Winter 2005


Graduate student Jeffrey Wilcox takes water samples from a well in a new, unsewered subdivision.
UW Water Resources Research

From Farmland to Suburbia
Groundwater and Unsewered Subdivisions

By John Karl

Across the country, new housing developments are sprawling past city limits – and past city sewerage systems. That’s fueled concern about how dense clusters of septic systems might affect groundwater. Could they contaminate wells used for drinking water? Might those contaminants include pain relievers, antibiotics, and hormones? Will bacteria in drinking water become resistant to antibiotics?

Hard data for answering those questions have been scarce, according to Ken Bradbury, a hydrogeologist at the Wisconsin Geological and Natural History Survey and UW-Extension. But that’s changing with two studies about four miles northeast of Sun Prairie, Wis. They’re both monitoring groundwater before, during, and after 78 acres of farmland are transformed from corn and soybeans to houses, septic systems, and private wells.

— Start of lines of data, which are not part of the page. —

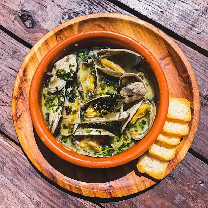 El relleno: El centro se ahueca para recibir mariscos, pollo o carne frita, generalmente bañados en un caldo o salsa criolla que el plátano absorbe, creando un bocado suculento.
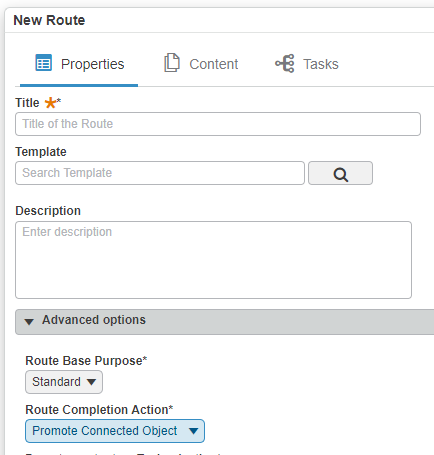 Seleciona"Promover objectos ligados" como"Ação na conclusão do itinerário", para que os ficheiros se tornem automaticamente"Distribuídos" após a validação do itinerário.
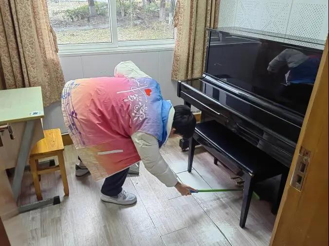 科学研究表明,体力劳动如同运动一样,能使人的血液循环、新陈代谢速度加快,有助于疏解焦虑情绪、维持良好心理状态。本次“以劳健心、育见成长”大扫除围绕““校园-教室-琴房-寝室”四处开展全方位的义务劳动实践,引导五年一贯、纯中专及大专各学制学生在长期学习、生活的场所进行物品清理与场地打扫。通过这一劳动教育疏解和释放学生的不良心理情绪,在劳动教育中逐渐完善和健全学生心智人格,增进大学生对劳动的认知和认同,引导其杜绝“躺平”“佛系”“摆烂”等消极心态。
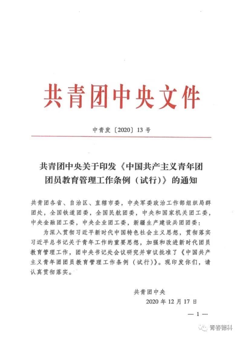 共青团中央关于印发《中国共产主义青年团团员教育管理工作条例(试行)》的通知
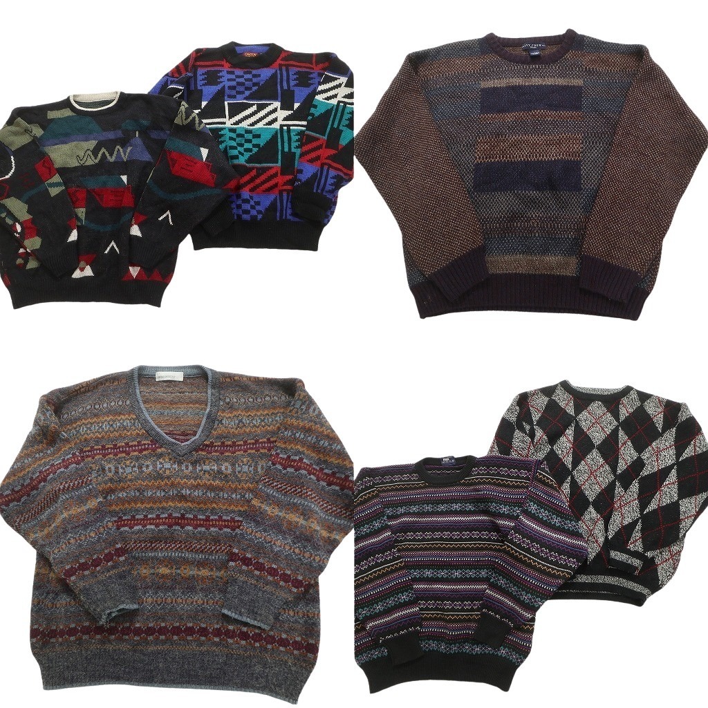 > 古着卸 まとめ売り 総柄ニット セーター 6枚セット (メンズ L ) マルチカラー フェアアイル柄 アーガイル柄 Vネック 中古 古着 NC3433
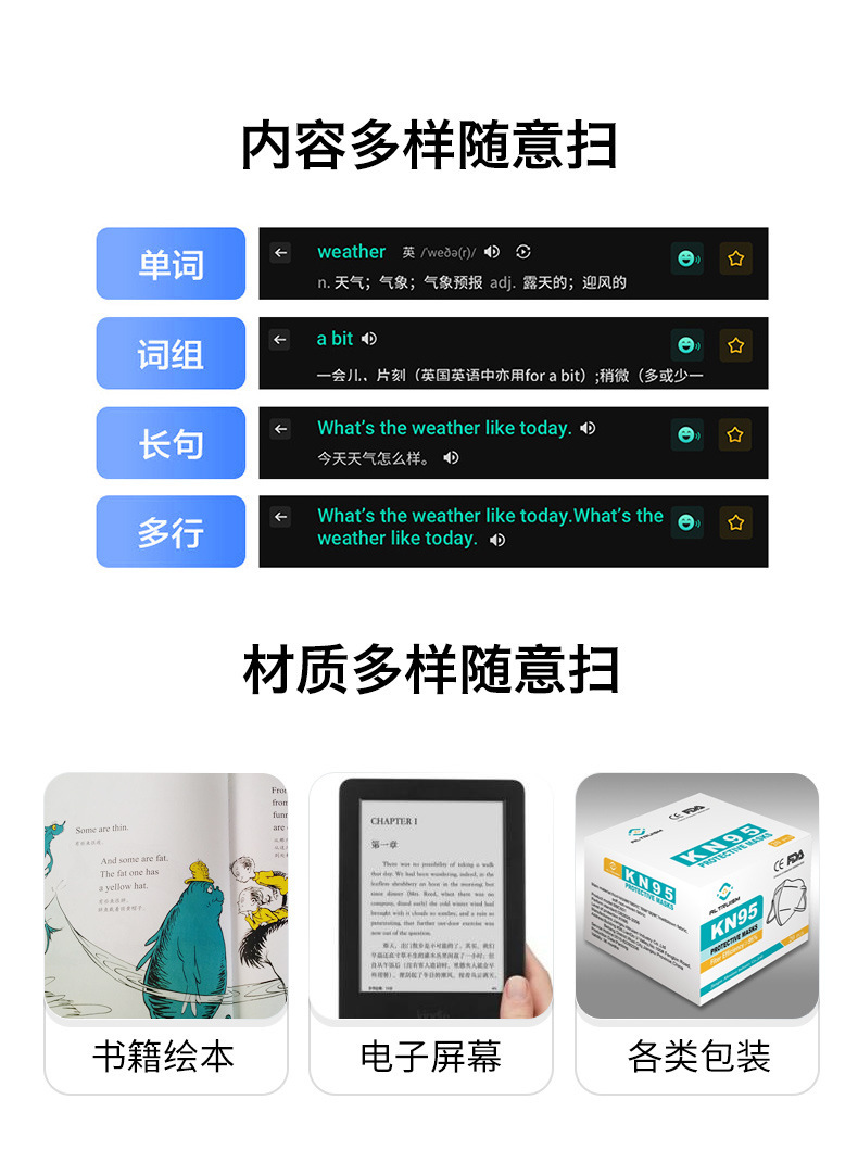 오디오 독서 펜 AI 스캔 영어 사전 펜 초등학교 중학교 고등학교 영어 학습 기계 교육 장난감 유물

In one study, Bradbury, UW geologist Jean Bahr, and graduate student Jeff Wilcox are looking at water quality as the land turns residential. Before housing construction began in 2003, the researchers installed wells for collecting water samples and equipment for monitoring flow rates of surface water, groundwater, and septic system effluent. Wilcox constructed a map of the area’s geology and developed a computer model of groundwater flow that can be adapted to other sites as well.

After five houses were built and residents moved in, the team found that overall nitrate concentrations in groundwater had decreased slightly, probably due to decreased agricultural inputs at the site. Septic system effluent contained elevated nitrate and chloride, as well as acetaminophen, a caffeine metabolite, and two hormones. Nine of 10 samples contained estrogenically active compounds. However, no pharmaceuticals or hormones were detected in the groundwater.

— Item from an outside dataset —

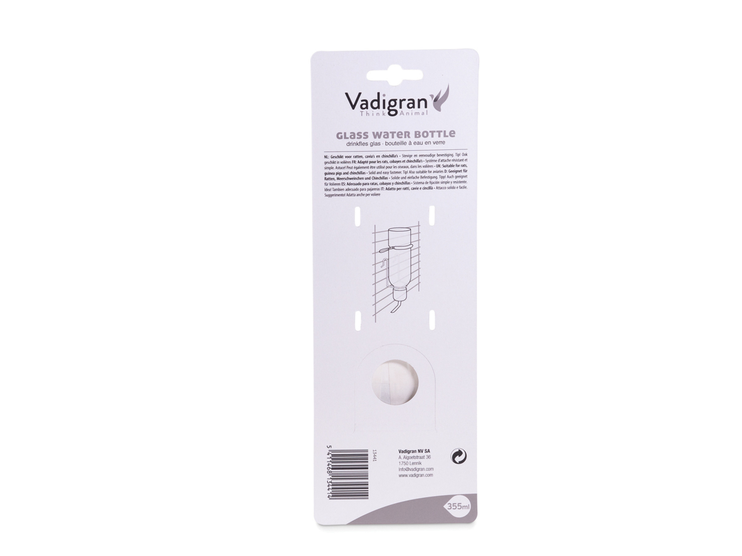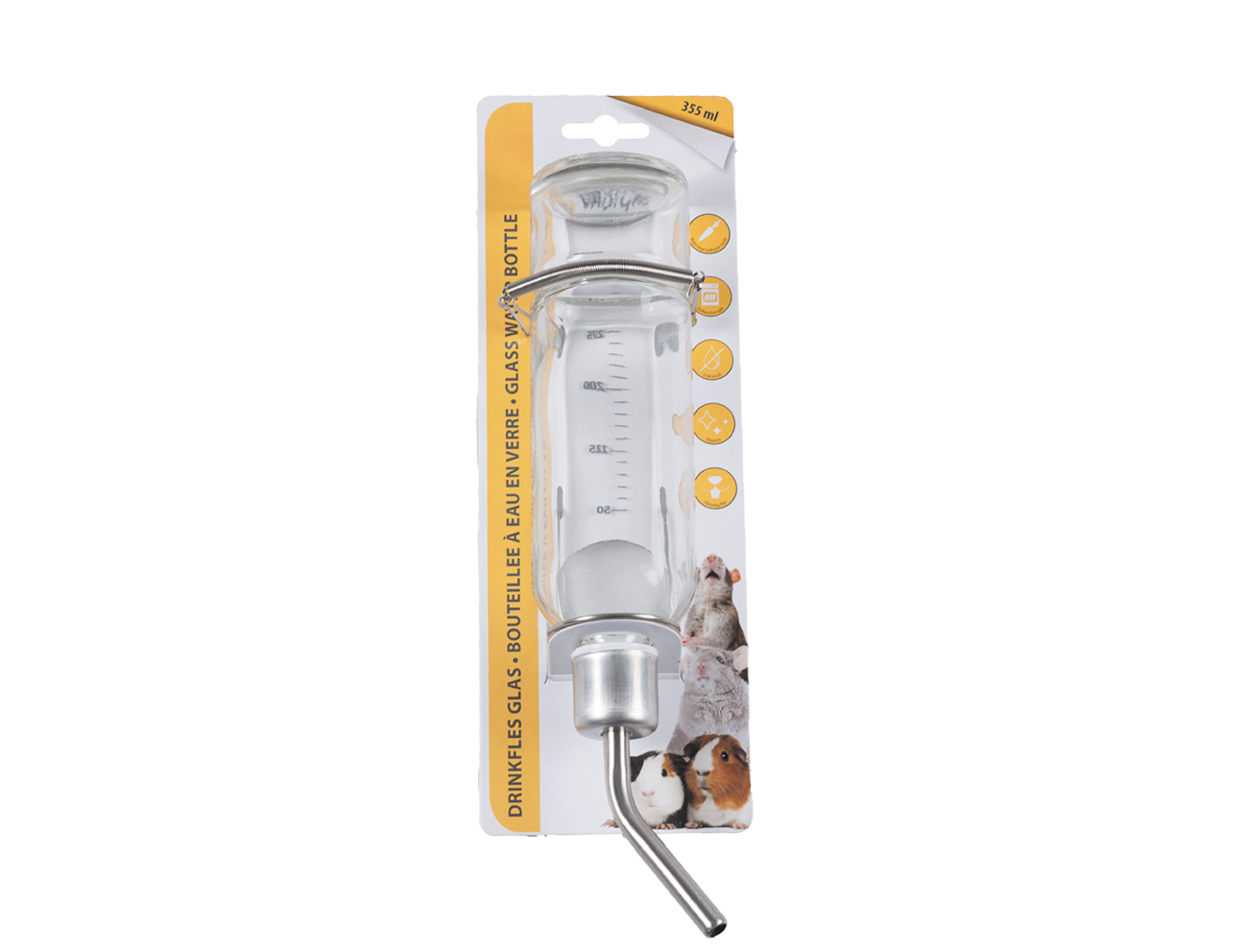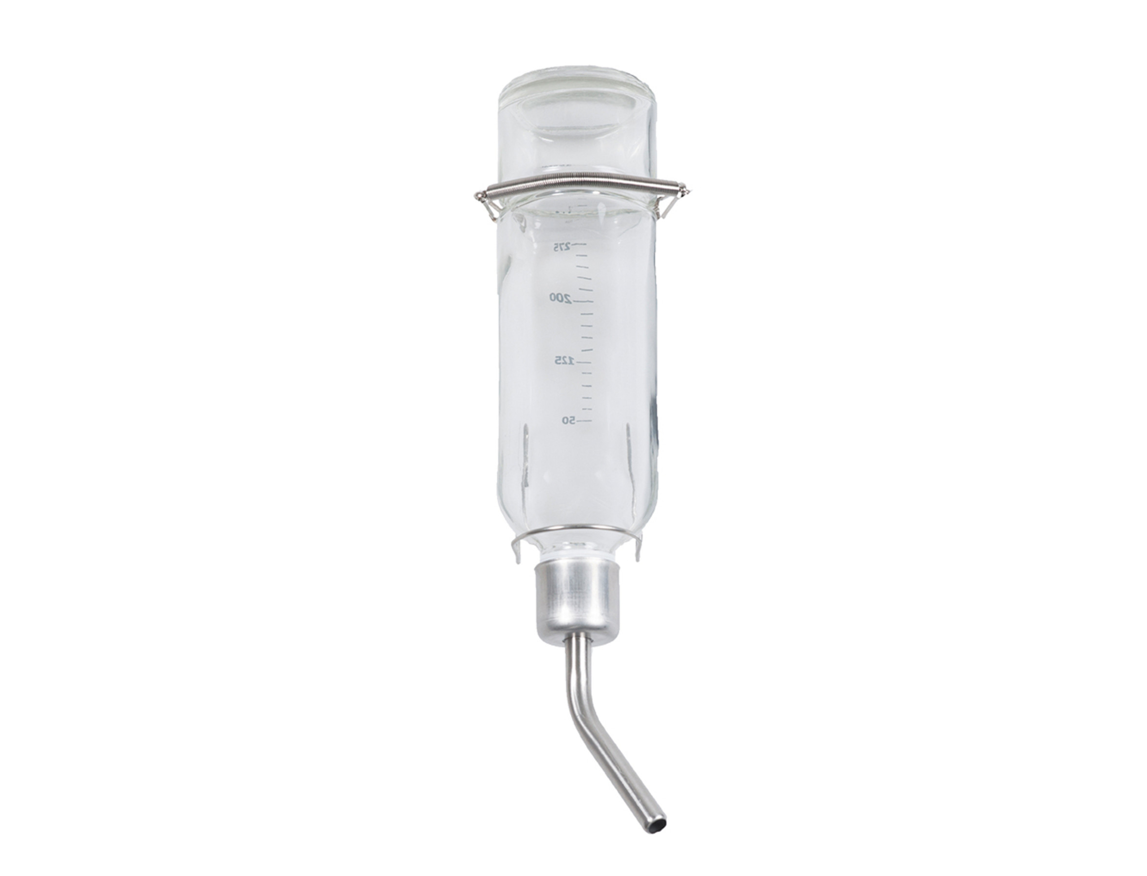 Deze glazen drinkfles met ijzeren beugel voor het stevig vastmaken aan de kooi. De kleine plastic wortel in de fles maakt het gemakkelijk om het waterniveau te zien.

These results are preliminary, and it may take five to 10 years of monitoring before the full story can be told, Bradbury said. Wilcox’s computer model indicates that the septic plumes could eventually reach some wells. However, Bradbury said the chemistry of those plumes may change substantially by that time. As water travels slowly through soil and rock, the contaminants may be removed by attaching to soil particles or by being broken down by microbes – processes by which septic systems purify effluent. The rates and end-products of these processes are well understood for nitrates and chloride, but not for hormones and other pharmaceuticals, Bradbury said.

More details about the project are available at www.geology.wisc.edu/~hydro/SV.

Another project at the site is looking at whether residential development is causing bacteria in groundwater to become more resistant to antibiotics. That could potentially create a "reservoir of antibiotic resistance" that could reduce the effectiveness of antibiotics for humans, according to Trina McMahon, assistant professor of civil and environmental engineering and lead scientist on the project.

McMahon emphasized that this is only a theoretical possibility at this point, and no one yet knows whether septic systems contribute significantly to antibiotic-resistant bacteria in groundwater.

To find out, McMahon and graduate student Trevor Ghylin are using cutting-edge genetic technology to test groundwater for DNA associated with antibacterial resistance.

Any DNA associated with antimicrobial resistance detected in pre-development groundwater samples must come from other sources, such as naturally occurring resistant bacteria or those in runoff from agricultural lands, McMahon said. However, finding more kinds or amounts of DNA from antibiotic-resistant bacteria after the septic systems are in use would indicate a contribution from the septic systems, McMahon said.

Both studies are funded through the Wisconsin Groundwater Research and Monitoring Program (http://www.wri.wisc.edu/wgrmp/wgrmp.htm).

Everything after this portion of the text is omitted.